I also installed Fail2Ban. It immediately started banning IPs trying to brute-force SSH. That was not surprising. Any public VPS gets scanned constantly. The difference is that now root password login is dead, and repeated attackers get banned.
What Broke
The upgrade itself was successful, but several things needed attention:
- stale nginx hosts
- broken Certbot renewal configuration
- Quassel certificate handling
- old PageSpeed nginx module
- leftover PageSpeed directives
- logrotate permissions
- Dovecot 2.4 config incompatibility
- Tailscale DNS residue
- Docker/containerd stale runtime state
- external repositories needing careful reintroduction
- SSH security cleanup
None of these were exotic. They were exactly the kind of boring, accumulated server issues that only show up during a major upgrade.
What Worked
The staged approach worked.
The snapshot mattered. The VNC/rescue access mattered. Disabling third-party repositories mattered. Doing apt upgrade --without-new-pkgs before apt full-upgrade mattered. Testing services before reboot mattered. Reintroducing repositories one at a time mattered.
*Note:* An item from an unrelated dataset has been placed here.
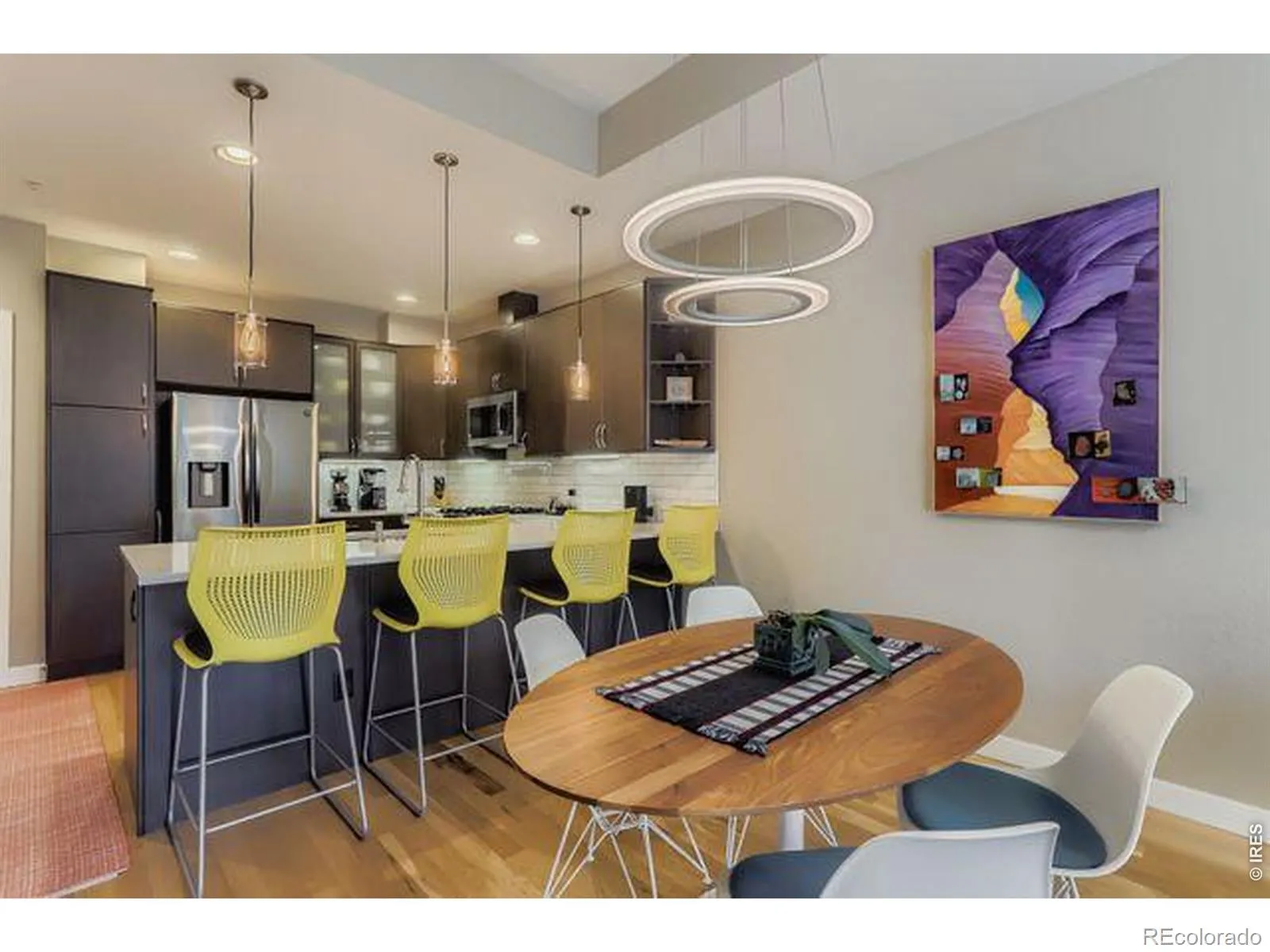 SELLER WILL PAY 6 MONTHS HOA FEES!! This beautiful townhome is ideally set on the western edge of Dakota Ridge. With stunning views of the foothills, and trails/open space at your fingertips, this home offers a perfect blend of mountain access and modern comfort. Step inside to an open, light filled floor plan featuring expansive west facing windows and high ceilings. The gourmet kitchen boasts Ceasarstone countertops, stainless steel appliances, a new dishwasher and refrigerator (2024), and a new Hans Grohe kitchen faucet (2023). The living and dining areas showcase new light fixtures; updated Nest thermostat and Nest doorbell camera offer modern convenience and piece of mind. Upstairs there are three light filled bedrooms, including a beautiful primary suite with an en suite bath and spacious walk in closet. The finished basement includes a new Murphy bed with drawers, offering flexible space for guests. Enjoy breathtaking sunsets from the west facing patio – the perfect spot to unwind after a day on the trails. Additional updates include new smoke detectors throughout the home. Experience the best of Boulder living in this bright, contemporary home just steps from nature, yet close to shops, dining, and all the amenities of North Boulder.

Most importantly, I did not treat the server like a lab machine. This was a production-ish VPS full of unrelated services, and the upgrade had to respect that.
Final State
The server ended up on Debian 13.4, running the Debian 13 kernel, with the main services alive:
- CloudPanel
- nginx
- MySQL/Percona
- Docker
- Portainer
- PostgreSQL
- Node.js
- GitHub CLI
- Tailscale
- Quassel
- Certbot
- Fail2Ban
Dovecot was removed because it was not needed. PageSpeed was disabled because the old nginx module was not worth saving. Tailscale DNS was disabled because the VPS should not depend on MagicDNS for normal public resolution. Docker was brought back after some runtime cleanup pain.
It was not a clean upgrade in the blog-post sense. It was a real one.
And honestly, that is the useful lesson: the commands are only half the upgrade. The other half is knowing which breakages matter, which ones are old garbage finally surfacing, and which ones should be left alone until the machine is stable again.